Australian boxing legend Jeff Fenech has welcomed the decision to retroactively award him a fourth world title belt, more than 30 years after a controversial draw with Azumah Nelson.
Having already won bantamweight, super bantamweight and featherweight belts, and being undefeated at the time, Fenech got in the ring with then-super featherweight champion Nelson in Las Vegas in June 1991.
After 12 rounds, judges scored the fight a draw, allowing Nelson to keep his belt, sparking boos from the crowd and a furious reaction from Fenech inside the ring.

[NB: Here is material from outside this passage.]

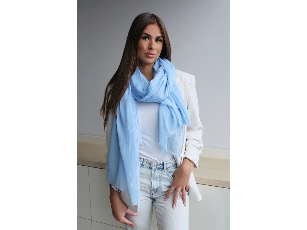Jemný lehounký šátek je velmi příjemný na dotek. Jemně prosvítá, můžete jej nosit různými způsoby – jako módní doplněk k plážovému outfitu, kolem krku i jako elegantní přehoz přes ramena. Jeho všestrannost a stylovost z něj činí ideální volbu pro cestování, procházky po pláži i večerní posezení s přáteli. Na koncích má jemné krátké třásně.
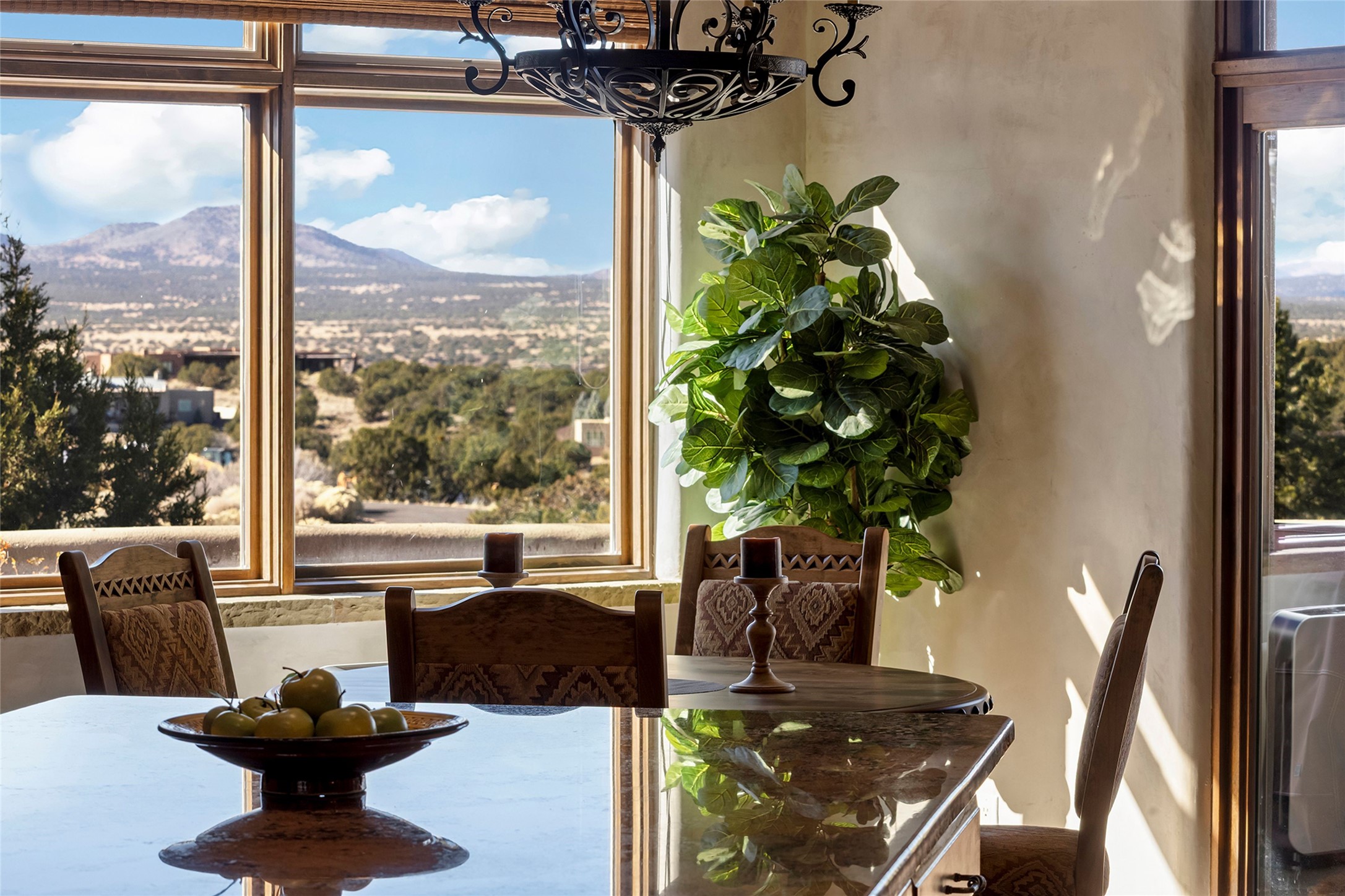 Perched on an elevated lot in Las Campanas, this captivating Santa Fe home celebrates the true essence of high-desert living with panoramic Jemez Mountain and sunset views. Located within the famed community of Las Campanas, 39 Calle Mi Gusto masterfully blends iconic Santa Fe architecture with an open-concept layout designed for seamless indoor-outdoor entertaining. Ideal as a primary residence or an ideal Santa Fe retreat this quality, single level home with four bedrooms, plus an office or media room, impresses with the finest level craftsmanship, flexible use of space and the ultimate indoor and outdoor living experience. Minutes to The Club at Las Campanas, this privately sited home excites with exceptional design features which include a well-appointed chef's kitchen complete with a large granite island, breakfast bar, Wolf and Sub Zero appliances and direct access to the casual dining area and the formal dining room. At the heart of this home is a spacious living room with elevated ceilings, rich beams, a stately fireplace, stunning sunset and mountain views framed by view windows and outdoor access, in addition to a separate den/media room, or ideal office with custom built-in cabinetry. The private owner's suite delights with its own fireplace, portal access, views and a spa-like bath with a separate jetted tub, shower, dual vanities and walk-in closet. Two guest bedrooms with a shared full bath offer excellent privacy and flexible use of space and the fourth bedroom is located in a separate wing of this home with its own bath, walk-in closet and views. Additional highlights include fully enclosed front and back courtyards which are ideal for entertaining, pets and gardening, single-level living with no interior steps, an oversized 2-car garage and quality, neutral finishes throughout. Most furnishings, the owner's equity golf membership to the Club at Las Campanas and the neighboring vacant lot are all negotiable on a separate bill of sale.

It was widely seen as a poor decision as many believed Fenech had dominated, and those people's opinions have now been recognised as fact, with the World Boxing Council (WBC) retroactively awarding the super featherweight belt to the Australian.
Fenech spoke to the ABC Sport Daily podcast, welcoming the news but acknowledging that he had been "robbed of some sporting history" at the time.
"So many times I walk around and people say 'you got robbed of your fourth world title, you should've been a four time world champion'. Well, now I am", Fenech said.
"I thought I'd done it, I thought I'd done it better than ever, I thought I'd won at least 10 rounds, which is a lot against a fighter of the calibre of Azumah Nelson.
"I was just really sad, I was devastated when the scores were read out. Totally devastated, my heart dropped out of me.
"I was quite angry, I had a few four-letter words to say to Don King and the team in the ring. The next 24 hours were really difficult, just sat in my room and wondered what could've been."
"When I got home I started questioning the sport I loved. Questioning the sport I gave my heart and soul to."
Fenech told ABC that with the passage of time he had mixed feelings over the judges' snub.
"When I look back on it now, I think maybe it was a great thing. I was very, very spoiled. That would've been four time world champion [if I'd won]. Only God knows what I would've been like that if that had happened," he said.
"I learnt a lot about who I was as a person and who my friends were. That was a great lesson. As great as it was to learn, I was robbed of some sporting history."
The WBC said a panel of judges reassessed the fight and it was deemed a unanimous decision for the man dubbed "The Marrickville Mauler".
"That makes a grand total of four WBC belts for him," the WBC said.
It puts Fenech in rarefied air as a four-division champion, but perhaps does little to change the impact of the fight on the rest of his career.
"I can't put my finger on it and tell you exactly what it done to me, but I can tell you I was never the same fighter," he said in 2015.
"After the [first Nelson] fight I came back home, obviously heartbroken and disappointed. I was never the same.
"I was never the same fighter and we never really seen [again] the guy that fought Azumah Nelson in Vegas."
One judge scored the fight 115-113 to Fenech, another scored it 116-112 in Nelson's favour, while the third judge could not split them, ending up with 114-114 on his card.
The pair had a rematch at Princes Park in Melbourne a year later, with Fenech brutally knocked out by the Ghanaian in the eighth round in front of 40,000 fans.
In 2008, Fenech and Nelson, aged 43 and 49 at the time, squared up one more time, with Fenech winning a majority decision.